*TASK PROMPT*. In the entries below, count each line where "convenient" appears. Give the total and nothing more.

*LISTED ENTRIES*.

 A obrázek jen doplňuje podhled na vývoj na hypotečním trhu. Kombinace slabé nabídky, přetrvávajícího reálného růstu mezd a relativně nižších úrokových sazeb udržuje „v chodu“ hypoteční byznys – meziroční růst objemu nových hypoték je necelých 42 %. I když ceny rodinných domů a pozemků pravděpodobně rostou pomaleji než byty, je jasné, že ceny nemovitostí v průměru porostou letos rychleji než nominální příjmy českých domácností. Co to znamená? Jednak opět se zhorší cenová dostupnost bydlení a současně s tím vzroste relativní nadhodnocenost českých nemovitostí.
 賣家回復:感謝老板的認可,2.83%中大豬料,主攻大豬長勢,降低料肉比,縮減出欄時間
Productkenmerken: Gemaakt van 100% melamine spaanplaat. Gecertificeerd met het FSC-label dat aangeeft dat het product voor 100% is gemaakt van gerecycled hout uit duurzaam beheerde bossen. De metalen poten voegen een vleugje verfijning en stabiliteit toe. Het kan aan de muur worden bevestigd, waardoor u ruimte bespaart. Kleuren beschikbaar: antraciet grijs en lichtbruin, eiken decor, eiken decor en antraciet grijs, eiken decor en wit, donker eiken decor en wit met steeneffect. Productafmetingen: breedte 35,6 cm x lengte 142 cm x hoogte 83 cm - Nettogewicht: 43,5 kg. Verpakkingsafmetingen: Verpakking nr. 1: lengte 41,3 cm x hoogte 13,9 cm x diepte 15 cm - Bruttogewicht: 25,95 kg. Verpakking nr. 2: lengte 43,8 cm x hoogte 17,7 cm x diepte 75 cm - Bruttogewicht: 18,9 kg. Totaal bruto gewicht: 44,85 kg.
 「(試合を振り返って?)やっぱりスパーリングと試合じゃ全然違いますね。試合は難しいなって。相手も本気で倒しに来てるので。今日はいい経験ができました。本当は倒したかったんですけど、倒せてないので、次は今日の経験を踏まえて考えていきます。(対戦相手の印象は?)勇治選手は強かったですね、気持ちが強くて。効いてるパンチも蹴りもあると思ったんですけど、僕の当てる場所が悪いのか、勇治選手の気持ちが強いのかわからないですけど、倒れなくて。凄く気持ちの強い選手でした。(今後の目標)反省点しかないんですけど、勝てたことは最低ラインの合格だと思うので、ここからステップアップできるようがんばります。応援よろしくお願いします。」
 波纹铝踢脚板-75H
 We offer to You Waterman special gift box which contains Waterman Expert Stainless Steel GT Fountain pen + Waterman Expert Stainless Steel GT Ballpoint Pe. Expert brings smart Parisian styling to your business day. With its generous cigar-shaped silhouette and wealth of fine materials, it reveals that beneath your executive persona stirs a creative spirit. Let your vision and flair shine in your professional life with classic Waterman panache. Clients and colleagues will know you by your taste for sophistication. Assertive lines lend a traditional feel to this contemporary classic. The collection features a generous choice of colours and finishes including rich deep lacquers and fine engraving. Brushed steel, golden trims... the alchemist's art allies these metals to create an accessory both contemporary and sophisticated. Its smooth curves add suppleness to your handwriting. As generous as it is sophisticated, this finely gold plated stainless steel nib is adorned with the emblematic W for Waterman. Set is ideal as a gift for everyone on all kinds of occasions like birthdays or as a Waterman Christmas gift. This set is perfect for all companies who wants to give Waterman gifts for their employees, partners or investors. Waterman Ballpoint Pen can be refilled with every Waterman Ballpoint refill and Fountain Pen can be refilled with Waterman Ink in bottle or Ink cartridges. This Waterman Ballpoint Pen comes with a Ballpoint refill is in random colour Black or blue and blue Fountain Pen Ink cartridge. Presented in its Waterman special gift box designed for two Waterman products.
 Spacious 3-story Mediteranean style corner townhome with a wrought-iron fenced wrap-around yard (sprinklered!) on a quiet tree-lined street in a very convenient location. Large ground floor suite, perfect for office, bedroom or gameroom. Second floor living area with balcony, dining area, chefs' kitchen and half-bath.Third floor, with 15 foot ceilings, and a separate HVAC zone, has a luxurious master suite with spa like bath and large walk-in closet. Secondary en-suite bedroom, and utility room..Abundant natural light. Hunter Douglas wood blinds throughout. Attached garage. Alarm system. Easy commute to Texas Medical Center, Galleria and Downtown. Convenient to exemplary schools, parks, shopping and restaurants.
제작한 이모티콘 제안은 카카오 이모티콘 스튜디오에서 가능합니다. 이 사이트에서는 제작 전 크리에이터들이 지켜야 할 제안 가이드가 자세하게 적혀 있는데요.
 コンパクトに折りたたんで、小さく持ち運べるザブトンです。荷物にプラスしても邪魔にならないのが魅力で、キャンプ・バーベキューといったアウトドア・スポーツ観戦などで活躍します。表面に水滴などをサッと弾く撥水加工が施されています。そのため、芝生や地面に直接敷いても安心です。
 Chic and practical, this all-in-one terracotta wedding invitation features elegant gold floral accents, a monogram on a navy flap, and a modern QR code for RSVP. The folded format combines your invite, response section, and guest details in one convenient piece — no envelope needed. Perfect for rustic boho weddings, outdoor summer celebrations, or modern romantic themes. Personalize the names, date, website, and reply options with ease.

*WRITTEN RESPONSE*. 2